Bitcoin’s primary value comes from two things. First, unlike other cryptoassets, BTC is truly decentralized. Second, its scarcity, with a maximum supply of 21 million coins.

However, Bitcoin ETFs increase the supply of Bitcoin by selling paper Bitcoin. Investors do not need to hold any BTC directly. Increased supply dilutes the value of the coin.

“So regardless of whether the goal is to manipulate the underlying asset, it certainly happens to some extent,” according to Ben Sharon, founder and CEO of tokenized gold platform Illumishare.

It’s not all gloom and doom with Bitcoin futures contracts. Andrew Weiner, vice president of the Asian crypto exchange MEXC, explained that the so-called paper Bitcoin deals with the skepticism of people who know little about cryptocurrencies.

“The emergence of more and more paper Bitcoin shows that the compliance and maturity of BTC has been highly recognized by the market,” Weiner told BeInCrypto by email.

“This not only accelerates the entry of traditional institutional investors and other traditional traders, but also increases the confidence of crypto users. Paper Bitcoin will introduce funds from the traditional financial world, which is expected to boost BTC to a new height.”

Serhii Zhdanov, CEO of the EXMO exchange, shares Weiner’s view. Zhdanov made a list of benefits supposedly derived from Bitcoin ETFs. It includes diversification, “flexible risk management, an opportunity to hedge positions and institutional capital injection.”

“The idea behind paper Bitcoin can hardly be called manipulative since it rather serves the development of the sector as a full participant in the financial industry,” Zhdanov said in detail.

“The advantages of such an asset outweigh the disadvantages. But it is necessary to fundamentally evaluate the fund or exchange that issues such assets that no one wants to lose money.”

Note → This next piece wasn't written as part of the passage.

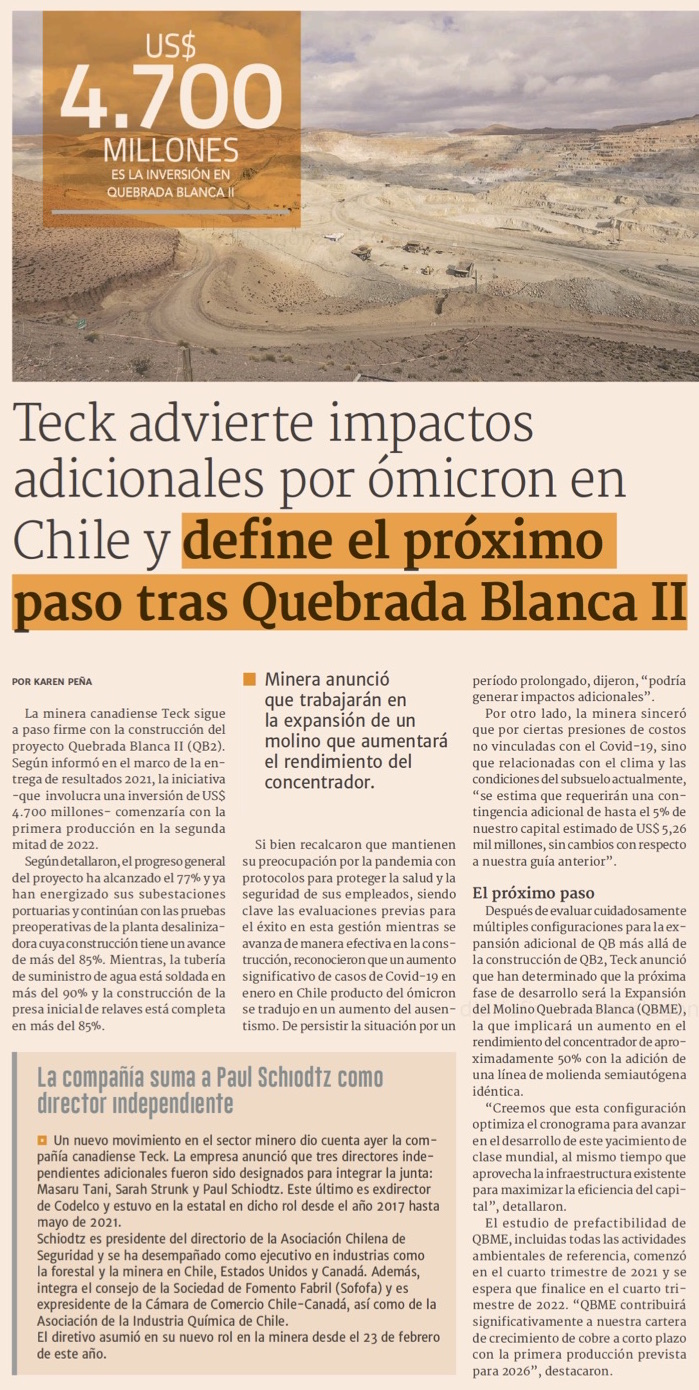 Pese a la pandemia, QB 2 entraría en operación este año - (El Mercurio de Santiago)
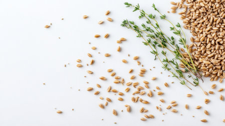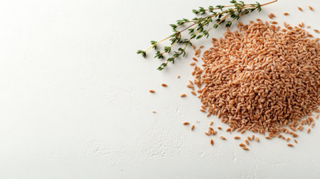A scattering of farro grains accompanied by a fresh herb sprig, set against a light background. Perfect for showcasing healthy ingredients and rustic cooking themes.

Zhdanov said that if managed well, paper Bitcoin could work in the same way as paper gold, oil, silver and copper, among other commodities. He said that Bitcoin ETFs would have a positive effect on BTC prices due to increased participation by institutions.

Bitcoin BTC Dominance BTCD

Decentralization threat

A Bitcoin futures ETF could be good for mainstream adoption. However, it could go “against the decentralized ethos that BTC stands for.”

There are concerns that BTC is being “captured” by hedge funds and big banks, which could end up manipulating the price.

“BTC as a decentralized bearer is the key. Imagine if all Bitcoin was held as an ETF in the custody of one provider,” Willy Woo said last year.

“This provider can now change the convertibility ratio, later delink it as a new fiat. This happened with gold when we were on the monetary gold standard.”

SEC Chairman Gary Gensler has previously expressed support for Bitcoin futures exchange-traded funds that “provide substantial investor protection,” as set forth under the Investments Company Act of 1940.

But the full benefit of the idea will be seen when there is better stability in the market. Experts say that this particularly applies to political events that affect the market and economic dynamics.